Functions Are Repeatable

Functions are useful for repeated actions. A famous principle of software development is "Don't Repeat Yourself" (aka DRY code). Copy-pasting is for amateurs. πŸ˜‰ As an example, writing the same message to multiple users could be performed as follows:

Inefficient Repeated Code
1
2
3
4
5
6
7
user1 = "Carl"
user2 = "Jim"
user3 = "Fred"

print("Greetings " + user1 + ", welcome to this program.")
print("Greetings " + user2 + ", welcome to this program.")
print("Greetings " + user3 + ", welcome to this program.")

The same lines are being repeated over and over. This could be re-written as a function:

Declaring a Function to Avoid Repeated Code
def greet(user:str) -> str:
    return "Greetings " + user + ", welcome to this program."

user1 = "Carl"
user2 = "Jim"
user3 = "Fred"

print(greet(user1))
print(greet(user2))
print(greet(user3))

Both examples will have the same output, but using the function will require less effort from the programmer and will be much more robust and maintainable.

Looping Over a Function

There are often scenarios where we must execute a function multiple times with different inputs. This repetitive task can be efficiently accomplished using a for loop.

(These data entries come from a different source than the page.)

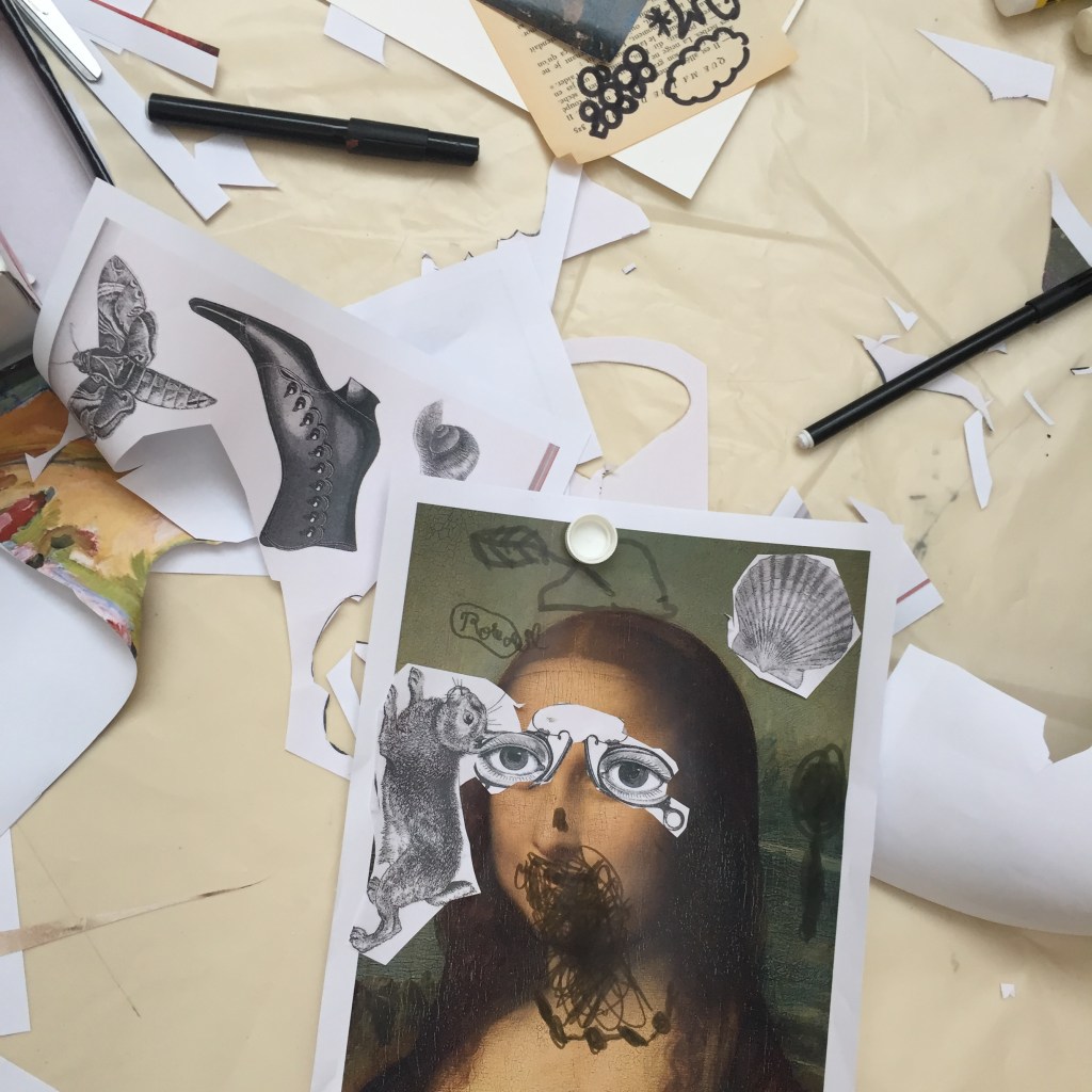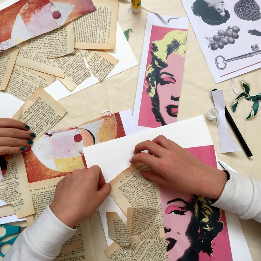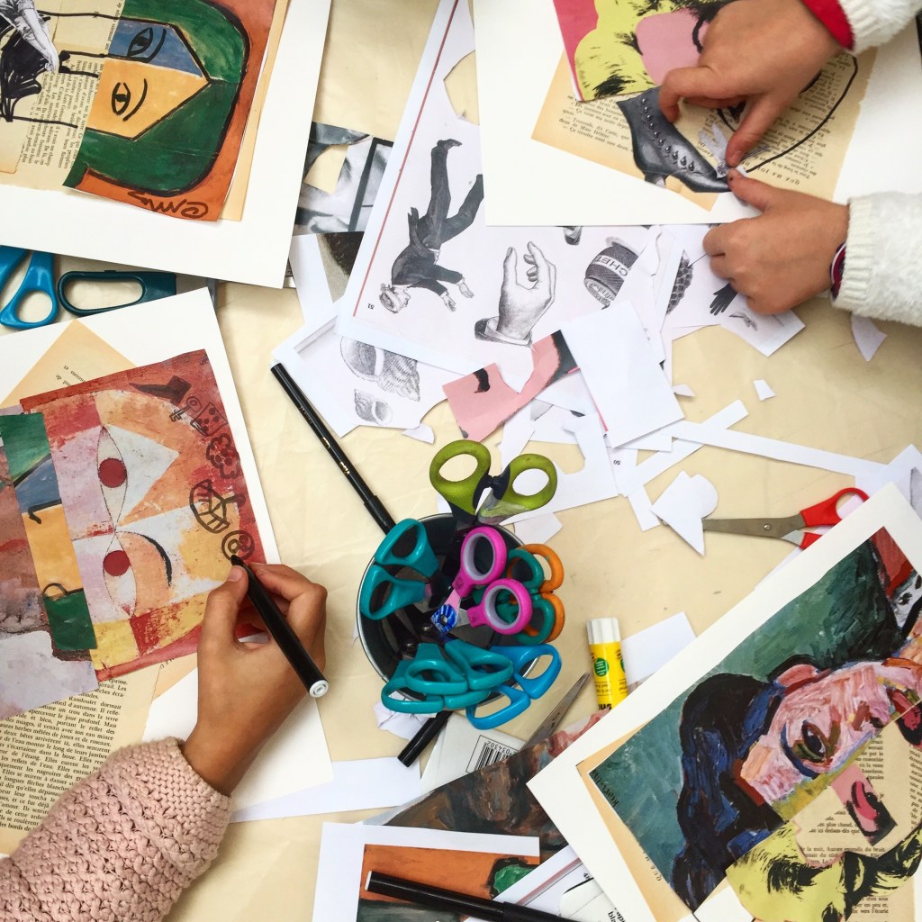 « Le jeu du collage dadaïste » pour les enfants à partir de 6 ans (photos ci-dessous)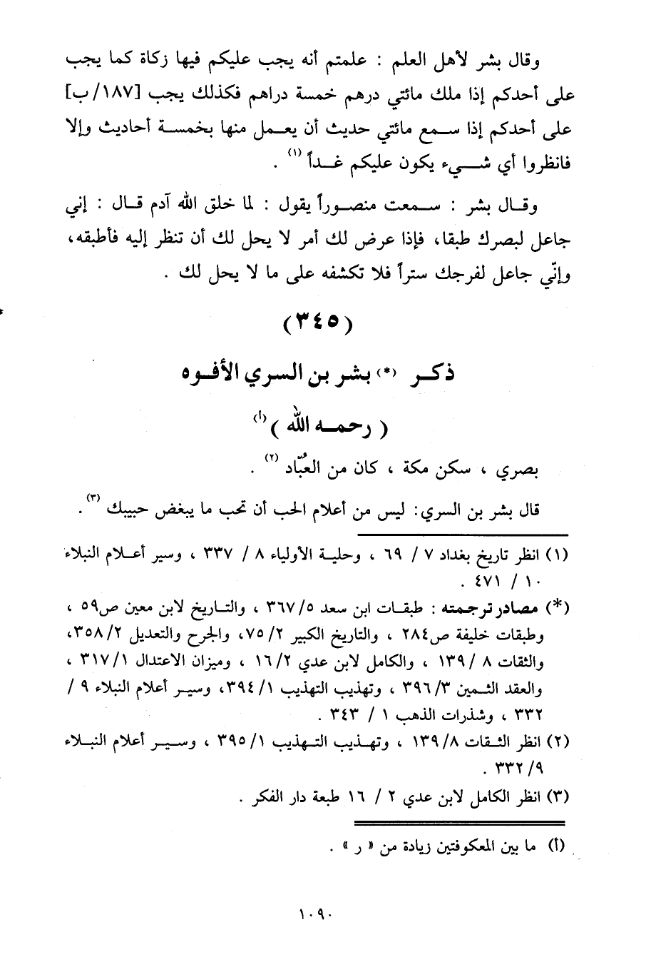 ذِكْرُ بِشْرِ بْنِ السُّرِّيِّ الْأَفْوَهِ رَحِمَهُ اللَّهُ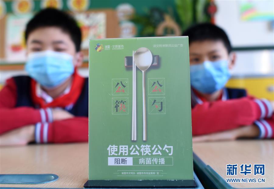 4月30日,諸暨市暨陽小學五年級4班學生在主題班會中。當日,浙江省諸暨市暨陽小學五年級4班開展“公筷公勺新家風”主題班會活動,通過海報設(shè)計、情景劇表演等強化孩子們使用公筷公勺的意識,倡導(dǎo)文明用餐。新華社記者 韓傳號 攝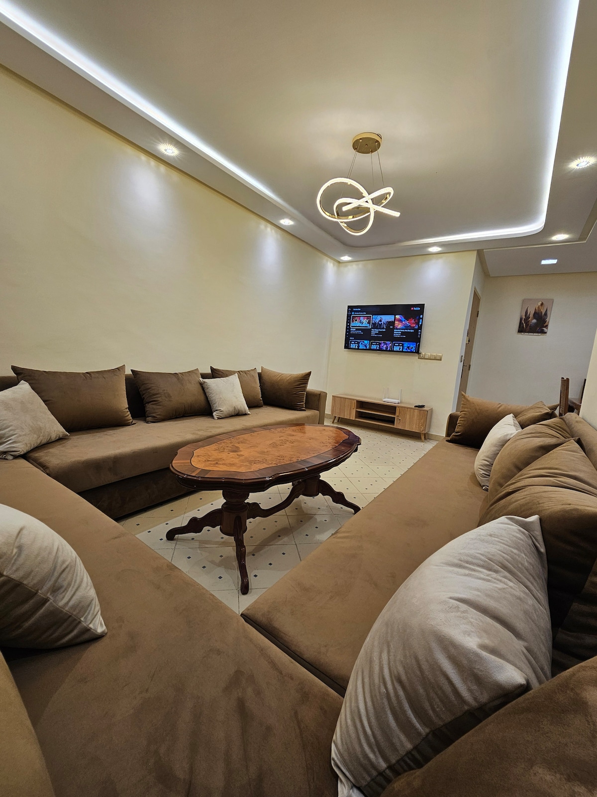 Détendez-vous dans ce logement calme et élégant. Joli appartement à deux pas du GRAND STADE de Tanger Agréable et apaisant, l’appartement se compose d’un salon élégant ensoleillé avec une chambre (lit neuf 180) La salle de bain est propre et fonctionnelle Parfaitement équipé, calme et imprégné d'une ambiance cocooning, ce sera le point de chute idéal des voyageurs d’affaires et d’agrément

Consider a situation where you have a function that performs a specific task or computation, and you need to apply this function to a collection of values or items. Instead of manually calling the function for each input, which can be tedious and error-prone, you can harness the for loop’s capabilities to automate this process. Looping over a function allows you to:

  • Reuse Code: You can encapsulate a specific functionality within a function and then effortlessly apply it to multiple data points without duplicating code.
  • Efficiency: Automating repetitive tasks enhances code efficiency, making it easier to maintain and less prone to errors.
  • Scalability: As your data set grows, using loops to apply a function becomes indispensable, ensuring your code remains adaptable to various input sizes.

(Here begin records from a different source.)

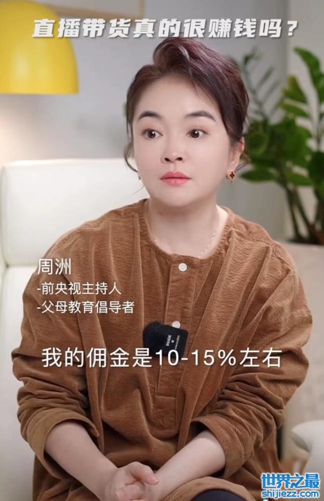 早前有媒体报道,周洲一场直播下来有上百万的成绩,但周洲表示自己能拿到的佣金大概在10%到15%之间,也就是说一场成交额100万的直播下来,她能拿到的钱是10万到15万左右。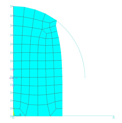 The solid element used in the model is PLANE182 (using the B-Bar method with mixed u-P formulation). CONTA172 and TARGE169 elements are also used. The material model used is a hyperelastic material with a three-parameter OGDEN option.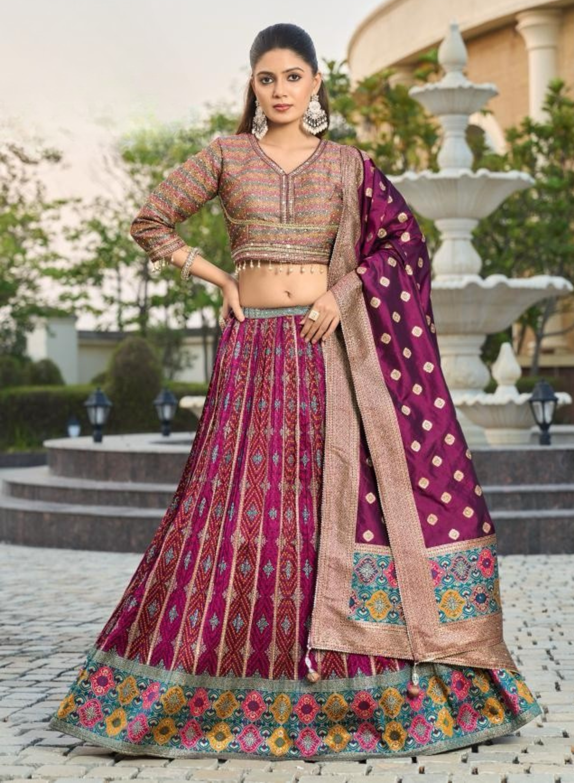 - Multicolor Banarasi Silk Readymade Lehenga Choli with rich festive appeal.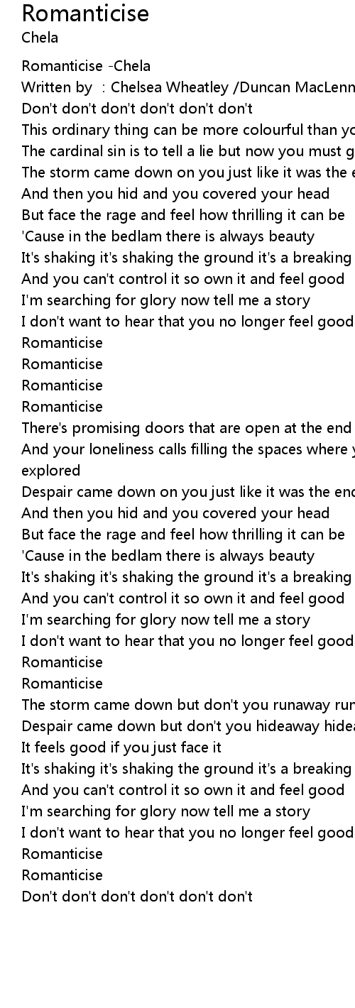 | [00:04.880] | Written by : Chelsea Wheatley Duncan MacLennan |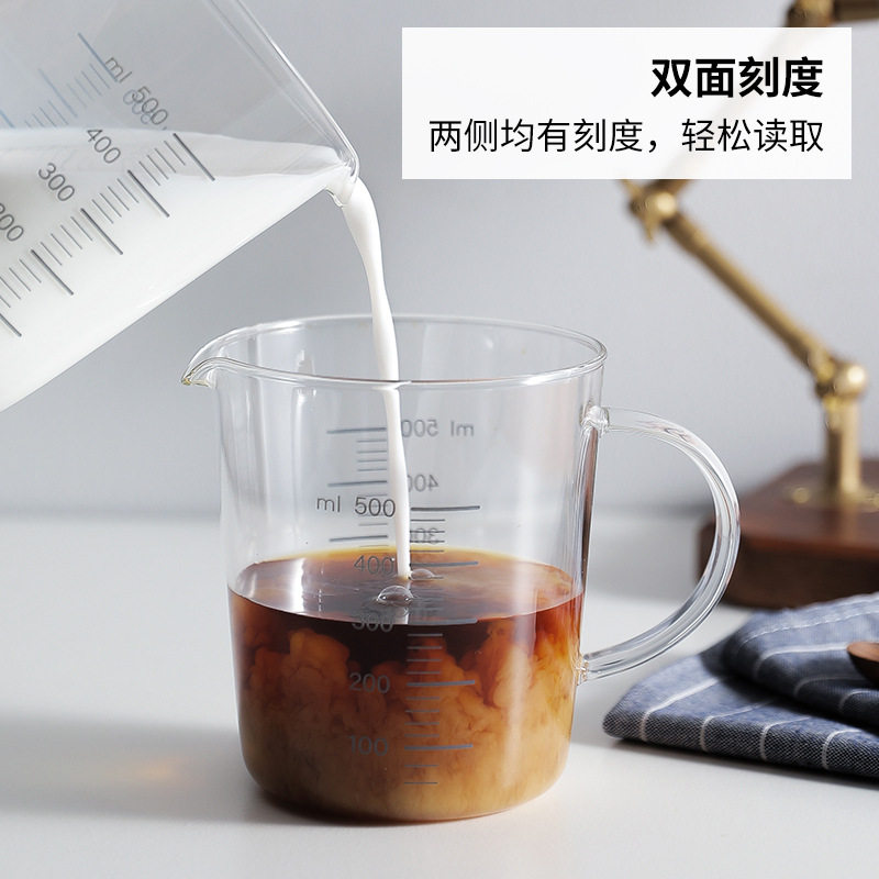 日本霜山量杯耐热高硼硅玻璃杯500ml烘焙牛奶杯微波加热刻度杯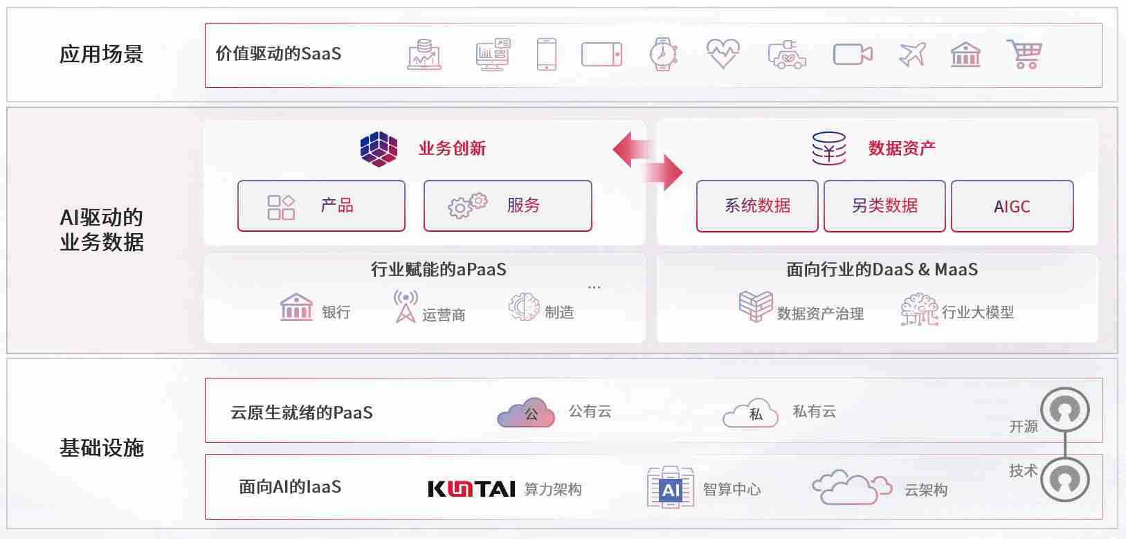 数字时代,,,,围绕企业数字化转型的关键要素,,,,KOO钱包数码开创性的提出数云融合战略和技术体系框架,,,着力在云原生、、、、数字原生、、AI原生和信创产业上架构产品和服务能力,,,,为处在不同数字化转型阶段的快消零售、、、汽车、、、金融、、、、医疗、、、、政企、、、教育、、运营商等行业客户提供泛在的敏捷IT能力和融合的数据驱动能力,,,,构建跨界融合创新的数字业务场景和新业务模式,,,,助力企业级客户建立面向未来的核心能力和竞争优势,,全面推动社会的数字化、、、、智能化转型升级。。

Let’s illustrate this concept with an example using a temperature conversion function, celsius_to_kelvin(), which converts Celsius temperatures to Kelvin:

Looping Over a Function
1
2
3
4
5
def celsius_to_kelvin(cels):
    return cels + 273.15

for temperature in [9.1, 8.8, -270.15]:
    print(celsius_to_kelvin(temperature))

Would result in:

282.25
281.95
3.0

During the loop, celsius_to_kelvin() is executed with the values 9.1, 8.8, and -270.15, respectively, demonstrating the power of automating repetitive tasks through function iteration.

Default Parameter Values

Parameters can have default values, making them optional when calling the function:

Default Parameters
1
2
3
4
5
6
def greet(name, greeting="Hello", punctuation="!"):
    return f"{greeting}, {name}{punctuation}"

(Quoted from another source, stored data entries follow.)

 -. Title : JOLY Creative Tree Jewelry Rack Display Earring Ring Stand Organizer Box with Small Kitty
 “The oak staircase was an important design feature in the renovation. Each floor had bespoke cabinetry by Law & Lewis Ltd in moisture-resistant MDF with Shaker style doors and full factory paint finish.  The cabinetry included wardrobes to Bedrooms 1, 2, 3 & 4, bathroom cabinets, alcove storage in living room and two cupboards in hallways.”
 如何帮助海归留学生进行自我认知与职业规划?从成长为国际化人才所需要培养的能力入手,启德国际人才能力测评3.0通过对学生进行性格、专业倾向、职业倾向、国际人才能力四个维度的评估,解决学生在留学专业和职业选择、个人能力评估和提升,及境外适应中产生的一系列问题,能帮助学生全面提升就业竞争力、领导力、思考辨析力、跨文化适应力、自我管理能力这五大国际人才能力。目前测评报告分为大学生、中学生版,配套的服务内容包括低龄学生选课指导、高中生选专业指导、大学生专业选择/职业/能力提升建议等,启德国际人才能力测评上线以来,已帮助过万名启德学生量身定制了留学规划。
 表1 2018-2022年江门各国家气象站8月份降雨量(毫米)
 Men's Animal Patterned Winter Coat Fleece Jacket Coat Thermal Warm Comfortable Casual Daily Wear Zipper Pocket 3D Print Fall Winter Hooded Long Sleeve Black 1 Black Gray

print(greet("Alice"))                    # Hello, Alice!
print(greet("Bob", "Hi"))                # Hi, Bob!
print(greet("Charlie", "Hey", "..."))    # Hey, Charlie...

Mutable Default Arguments

Never use mutable objects (lists, dicts) as default values β€” they're shared across calls!

# DON'T do this:
def add_item(item, items=[]):  # Bug! The list persists
    items.append(item)
    return items

# DO this instead:
def add_item(item, items=None):
    if items is None:
        items = []
    items.append(item)
    return items

Keyword Arguments

You can specify arguments by name, allowing you to skip defaults or reorder:

Keyword Arguments
def create_user(username, email, is_admin=False, is_active=True):
    return {
        "username": username,
        "email": email,
        "is_admin": is_admin,
        "is_active": is_active
    }

# Skip is_admin, just set is_active
user = create_user("alice", "alice@example.com", is_active=False)
print(user)

*args: Variable Positional Arguments

Sometimes you don't know how many arguments will be passed. The *args syntax collects extra positional arguments into a tuple:

*args
1
2
3
4
5
6
7
8
9
def sum_all(*numbers):
    total = 0
    for num in numbers:
        total += num
    return total

print(sum_all(1, 2, 3))         # 6
print(sum_all(10, 20, 30, 40))  # 100
print(sum_all())                # 0

The name args is convention β€” you could use *values or *items. The * is what matters.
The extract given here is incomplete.